The entries below hold a line with "一些有先见之明的前辈想到,如果我们能够利用生成器能够暂停的这一特性,然后想办法添加 send stuff" and a line with "3、利率债基日涨幅排名". Return those lines and all that lie between them, exactly and only.
** Opening Data extract block **
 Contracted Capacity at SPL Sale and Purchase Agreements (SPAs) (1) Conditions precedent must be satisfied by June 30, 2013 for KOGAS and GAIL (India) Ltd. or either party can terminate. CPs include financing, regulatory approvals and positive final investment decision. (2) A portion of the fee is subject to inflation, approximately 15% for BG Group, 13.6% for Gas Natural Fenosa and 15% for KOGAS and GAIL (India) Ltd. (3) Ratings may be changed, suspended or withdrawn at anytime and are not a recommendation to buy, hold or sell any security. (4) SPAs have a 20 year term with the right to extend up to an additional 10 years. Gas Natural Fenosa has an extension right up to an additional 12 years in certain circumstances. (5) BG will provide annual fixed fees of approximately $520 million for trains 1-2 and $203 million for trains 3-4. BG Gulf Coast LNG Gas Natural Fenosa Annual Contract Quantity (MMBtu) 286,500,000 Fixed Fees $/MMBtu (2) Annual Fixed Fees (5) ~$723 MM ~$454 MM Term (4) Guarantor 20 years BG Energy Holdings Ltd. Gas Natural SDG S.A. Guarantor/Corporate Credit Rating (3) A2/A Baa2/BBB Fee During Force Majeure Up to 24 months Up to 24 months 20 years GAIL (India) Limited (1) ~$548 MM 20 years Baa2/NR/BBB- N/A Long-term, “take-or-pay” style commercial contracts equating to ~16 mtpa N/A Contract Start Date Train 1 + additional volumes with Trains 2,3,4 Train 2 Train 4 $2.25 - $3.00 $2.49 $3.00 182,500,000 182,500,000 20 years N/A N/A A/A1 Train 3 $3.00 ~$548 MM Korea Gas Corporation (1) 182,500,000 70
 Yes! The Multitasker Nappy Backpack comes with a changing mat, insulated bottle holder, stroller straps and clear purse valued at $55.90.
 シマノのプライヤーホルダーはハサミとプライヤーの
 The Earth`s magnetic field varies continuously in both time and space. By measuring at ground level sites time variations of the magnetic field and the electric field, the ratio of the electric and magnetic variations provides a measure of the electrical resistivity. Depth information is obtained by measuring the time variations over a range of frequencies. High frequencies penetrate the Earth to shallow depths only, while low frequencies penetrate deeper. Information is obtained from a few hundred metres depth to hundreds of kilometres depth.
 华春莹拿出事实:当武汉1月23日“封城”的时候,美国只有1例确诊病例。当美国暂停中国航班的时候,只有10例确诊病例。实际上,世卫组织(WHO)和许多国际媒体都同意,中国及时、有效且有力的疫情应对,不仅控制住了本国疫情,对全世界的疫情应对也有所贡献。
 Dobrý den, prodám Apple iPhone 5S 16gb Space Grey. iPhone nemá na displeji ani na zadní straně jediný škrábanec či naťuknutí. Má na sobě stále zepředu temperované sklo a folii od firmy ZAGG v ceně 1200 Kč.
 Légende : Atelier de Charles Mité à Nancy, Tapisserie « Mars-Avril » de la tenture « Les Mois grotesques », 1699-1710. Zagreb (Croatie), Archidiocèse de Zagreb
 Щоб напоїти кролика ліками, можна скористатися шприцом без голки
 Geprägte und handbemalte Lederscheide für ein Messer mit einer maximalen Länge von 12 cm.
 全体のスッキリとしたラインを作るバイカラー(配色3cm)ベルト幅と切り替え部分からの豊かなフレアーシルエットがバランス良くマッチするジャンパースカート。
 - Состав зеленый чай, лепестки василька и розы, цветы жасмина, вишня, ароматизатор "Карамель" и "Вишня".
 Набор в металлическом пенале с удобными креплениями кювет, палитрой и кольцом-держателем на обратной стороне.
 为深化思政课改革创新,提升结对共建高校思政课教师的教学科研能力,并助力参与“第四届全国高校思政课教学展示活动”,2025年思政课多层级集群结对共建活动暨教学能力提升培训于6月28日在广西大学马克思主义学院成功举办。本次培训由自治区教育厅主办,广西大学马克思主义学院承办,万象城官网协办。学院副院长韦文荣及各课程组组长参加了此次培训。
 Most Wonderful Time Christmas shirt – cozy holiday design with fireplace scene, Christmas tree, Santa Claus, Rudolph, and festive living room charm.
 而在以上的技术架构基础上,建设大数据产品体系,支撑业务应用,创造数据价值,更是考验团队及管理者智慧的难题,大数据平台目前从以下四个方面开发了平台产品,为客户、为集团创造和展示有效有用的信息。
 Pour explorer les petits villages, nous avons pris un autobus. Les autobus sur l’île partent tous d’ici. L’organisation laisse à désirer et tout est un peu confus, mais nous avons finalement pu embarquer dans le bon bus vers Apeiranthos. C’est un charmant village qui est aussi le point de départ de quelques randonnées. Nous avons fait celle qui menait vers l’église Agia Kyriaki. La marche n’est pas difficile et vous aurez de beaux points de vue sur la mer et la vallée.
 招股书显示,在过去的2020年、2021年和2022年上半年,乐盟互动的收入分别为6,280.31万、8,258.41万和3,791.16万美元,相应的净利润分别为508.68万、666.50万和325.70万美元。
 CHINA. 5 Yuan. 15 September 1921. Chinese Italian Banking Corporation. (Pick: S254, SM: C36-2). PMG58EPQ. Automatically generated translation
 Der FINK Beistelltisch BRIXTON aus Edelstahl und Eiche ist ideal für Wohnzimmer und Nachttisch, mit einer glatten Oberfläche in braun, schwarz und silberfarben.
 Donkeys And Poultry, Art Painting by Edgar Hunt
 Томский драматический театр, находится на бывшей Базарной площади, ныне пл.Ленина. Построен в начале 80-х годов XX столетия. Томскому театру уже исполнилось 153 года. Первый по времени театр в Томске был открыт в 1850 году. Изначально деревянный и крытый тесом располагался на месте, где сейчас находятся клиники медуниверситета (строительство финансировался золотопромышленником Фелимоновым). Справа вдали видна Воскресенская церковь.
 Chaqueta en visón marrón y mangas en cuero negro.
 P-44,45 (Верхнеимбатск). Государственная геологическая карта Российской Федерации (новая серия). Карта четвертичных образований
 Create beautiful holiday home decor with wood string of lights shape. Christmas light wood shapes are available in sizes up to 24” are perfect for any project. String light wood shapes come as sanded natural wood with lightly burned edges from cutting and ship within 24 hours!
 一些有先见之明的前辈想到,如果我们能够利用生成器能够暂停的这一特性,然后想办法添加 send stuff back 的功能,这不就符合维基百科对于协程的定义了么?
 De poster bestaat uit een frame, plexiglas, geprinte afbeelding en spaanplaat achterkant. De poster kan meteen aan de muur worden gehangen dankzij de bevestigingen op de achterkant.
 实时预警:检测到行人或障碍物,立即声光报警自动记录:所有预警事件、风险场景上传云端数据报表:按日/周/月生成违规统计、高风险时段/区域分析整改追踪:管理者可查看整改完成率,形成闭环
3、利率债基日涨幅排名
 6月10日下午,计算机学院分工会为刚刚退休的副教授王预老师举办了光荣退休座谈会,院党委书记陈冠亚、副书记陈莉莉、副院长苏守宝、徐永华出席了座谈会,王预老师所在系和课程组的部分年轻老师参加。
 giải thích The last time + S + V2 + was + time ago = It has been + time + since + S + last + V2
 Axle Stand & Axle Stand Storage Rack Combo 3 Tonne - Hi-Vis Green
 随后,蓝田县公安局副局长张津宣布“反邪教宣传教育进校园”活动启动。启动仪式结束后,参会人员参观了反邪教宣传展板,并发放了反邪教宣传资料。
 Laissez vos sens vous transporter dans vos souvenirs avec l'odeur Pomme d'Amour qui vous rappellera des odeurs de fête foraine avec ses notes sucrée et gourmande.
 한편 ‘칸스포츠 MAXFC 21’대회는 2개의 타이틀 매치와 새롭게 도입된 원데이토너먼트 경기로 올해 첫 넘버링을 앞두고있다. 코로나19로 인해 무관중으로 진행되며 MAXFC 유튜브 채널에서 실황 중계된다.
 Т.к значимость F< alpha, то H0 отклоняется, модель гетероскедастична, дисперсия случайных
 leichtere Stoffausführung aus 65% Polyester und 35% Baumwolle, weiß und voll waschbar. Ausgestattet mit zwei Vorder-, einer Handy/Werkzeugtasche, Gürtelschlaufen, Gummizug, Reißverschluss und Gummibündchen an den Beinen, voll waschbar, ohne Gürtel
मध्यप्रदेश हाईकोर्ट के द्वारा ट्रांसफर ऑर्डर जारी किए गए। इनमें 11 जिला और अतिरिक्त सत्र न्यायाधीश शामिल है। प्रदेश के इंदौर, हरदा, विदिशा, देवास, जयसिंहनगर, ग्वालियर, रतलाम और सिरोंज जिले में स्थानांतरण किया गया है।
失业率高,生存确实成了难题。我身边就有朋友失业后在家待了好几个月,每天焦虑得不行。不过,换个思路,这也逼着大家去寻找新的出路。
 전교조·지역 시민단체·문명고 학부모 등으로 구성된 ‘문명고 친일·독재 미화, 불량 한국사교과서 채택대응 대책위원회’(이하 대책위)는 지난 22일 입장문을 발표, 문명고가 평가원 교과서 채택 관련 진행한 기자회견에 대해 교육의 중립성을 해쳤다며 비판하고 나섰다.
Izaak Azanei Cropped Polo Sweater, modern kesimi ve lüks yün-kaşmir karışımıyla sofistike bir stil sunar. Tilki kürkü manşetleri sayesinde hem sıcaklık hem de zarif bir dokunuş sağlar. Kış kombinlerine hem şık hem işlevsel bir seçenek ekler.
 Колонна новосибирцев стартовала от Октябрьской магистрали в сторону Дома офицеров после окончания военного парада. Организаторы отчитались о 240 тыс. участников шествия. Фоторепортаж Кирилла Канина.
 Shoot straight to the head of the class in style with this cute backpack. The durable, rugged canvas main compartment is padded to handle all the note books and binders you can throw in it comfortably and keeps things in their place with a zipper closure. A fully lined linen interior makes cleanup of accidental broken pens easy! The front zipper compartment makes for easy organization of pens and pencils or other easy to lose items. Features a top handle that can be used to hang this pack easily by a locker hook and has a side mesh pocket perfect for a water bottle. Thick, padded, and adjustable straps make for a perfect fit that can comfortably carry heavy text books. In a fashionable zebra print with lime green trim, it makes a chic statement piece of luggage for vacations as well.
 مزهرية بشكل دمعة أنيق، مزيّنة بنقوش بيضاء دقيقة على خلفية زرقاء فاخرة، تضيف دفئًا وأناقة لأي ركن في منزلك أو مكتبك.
** Closing Data extract block **
[Exercise response]:
 一些有先见之明的前辈想到,如果我们能够利用生成器能够暂停的这一特性,然后想办法添加 send stuff back 的功能,这不就符合维基百科对于协程的定义了么?
 De poster bestaat uit een frame, plexiglas, geprinte afbeelding en spaanplaat achterkant. De poster kan meteen aan de muur worden gehangen dankzij de bevestigingen op de achterkant.
 实时预警:检测到行人或障碍物,立即声光报警自动记录:所有预警事件、风险场景上传云端数据报表:按日/周/月生成违规统计、高风险时段/区域分析整改追踪:管理者可查看整改完成率,形成闭环
3、利率债基日涨幅排名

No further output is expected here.